Opinion: An alternative take on the Exynos 990-powered Samsung Galaxy S20 range
Samsung has long had a practice of shipping its flagship smartphones with different chipsets depending on market. Most Galaxy S series flagships have for several years been sold in most markets around the globe powered by its own Exynos chipsets while the US and Chinese markets have received a variant with a Snapdragon chipset. This time around, Samsung stirred the pot a little more than usual and included its home market of Korea in the mix of models picking up a Snapdragon 865 chipset. Clearly, someone in Samsung’s executive thought that its own Exynos 990 didn’t stack up sufficiently well.
As maligned as the Exynos 990 chipset has been, the reality is that it is still a 2020 flagship worthy chipset. In fact, when it comes to all the advertised claims for the Galaxy S20 series around the new features it offers users, it doesn’t matter which variant of the Galaxy S20 you have. Both the Exynos 990 and the Snapdragon 865 deliver on Samsung’s promises. You are getting improved performance in everyday apps and games, better photography, a better display and everything else. In fact, in Samsung’s marketing, there isn’t one thing that either model can’t do as advertised.

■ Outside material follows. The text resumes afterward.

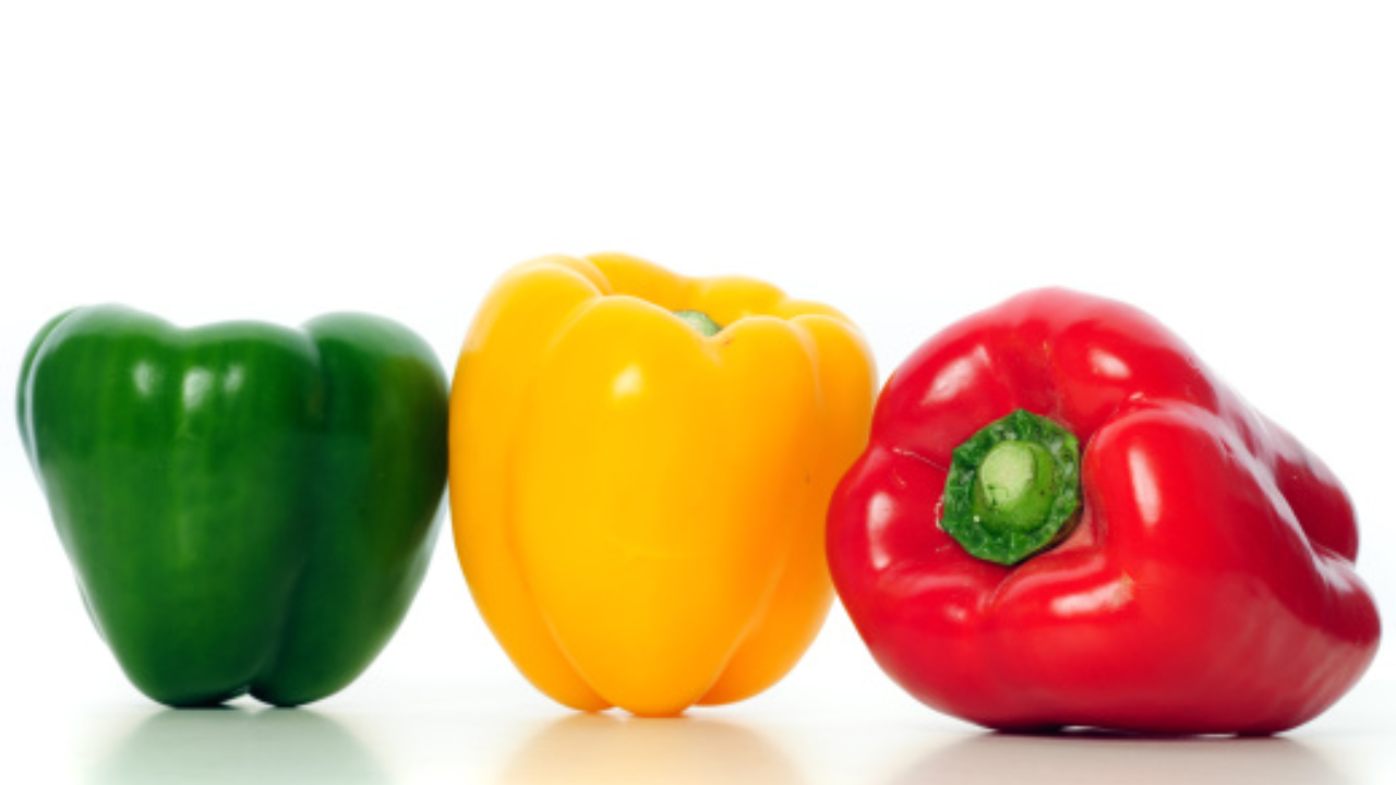 Peppers have different colors; the most prominent ones are green, yellow, and red.
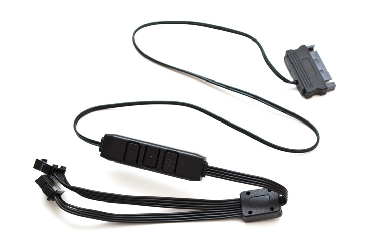На случай, если подходящей материнской платы нет, компания Deepcool положила в комплект собственный RGB-пульт. Для питания используется разъем SATA Power, длина шнура составляет 395 мм. Пульт имеет длину 55 мм и три кнопки. Клавиша «М» отвечает за циклическую смену режимов и цветов подсветки. Пульт позволяет воспроизводить красный, зеленый, синий, оранжевый, фиолетовый, голубой и белый цвета, причем как в режиме постоянного свечения, так и «дыхания». После этого идет три режима со сменой цветов, затем все повторяется. Средняя клавиша позволяет регулировать яркость подсветки в пяти уровнях. Если зажать ее на несколько секунд, то подсветку можно отключить полностью. Кнопка «S» позволяет выбрать скорость воспроизведения текущего эффекта, в пяти вариантах, от медленного до очень быстрого. Длина проводов двух разъемов, которые подключаются к вентилятору и радиатору составляет 170 мм.

For the most part, in fact, it is only in synthetic benchmarks that the performance discrepancy between the Exynos 990 and Snapdragon 865 start to show. Unless you happen to be a hardcore gamer, where the ARM Mali-G77MP11 GPU has been shown to throttle earlier than the Adreno 650 (found in the Snapdragon 865) under intense loads, the Exynos 990 isn't that far off the pace. Hardcore gamers, however, are probably going to opt for one of the many excellent gaming smartphones out there designed specifically for those sorts of requirements. Otherwise, it is highly unlikely that you are going to detect any performance differences between the two chipsets on a day-to-day basis. This is true even for more most so-called power users.
Following the shuttering of its custom chip designing division in Austin, the reality is that Samsung will be forced to use standard ARM designs in its future Exynos-branded chipsets. Some people have seen this as a good thing, but the performance discrepancy will only increase using standard ARM cores. There is a reason Samsung, like Qualcomm and Apple, went down this path. ARM’s designs are excellent, but they can be further optimized in terms of both performance and efficiency. This has been the case with every generation in recent years and it will continue to be the case -- although it is notable that Qualcomm (like Samsung on the Exynos 990) is focusing its customisation efforts on ARM’s high-performance cores.
The end of Samsung’s custom Mongoose CPU cores is not a reflection on its chip designers but more an awakening to the reality that Samsung is facing stiff competition from the Chinese and it needs to tighten its belt. Dreams of being the Korean Apple are over for the time being. If we are going to see semi-custom SoCs from Samsung in the future, it is likely that Samsung will adopt AMD’s RDNA graphics architecture to put it on a better footing to Qualcomm’s custom Adreno GPUs and, of course, Apple’s custom GPUs. That will certainly make for an interesting chipset, even if it doesn’t feature custom CPU cores. Word is that it could arrive in time for the Galaxy S21.
If you have an Exynos 990-powered Galaxy S20 there is absolutely no need to suffer from an inferiority complex. It deserves its place in the Galaxy S20 range and anyone using one is still holding one of the most powerful Android handsets going around.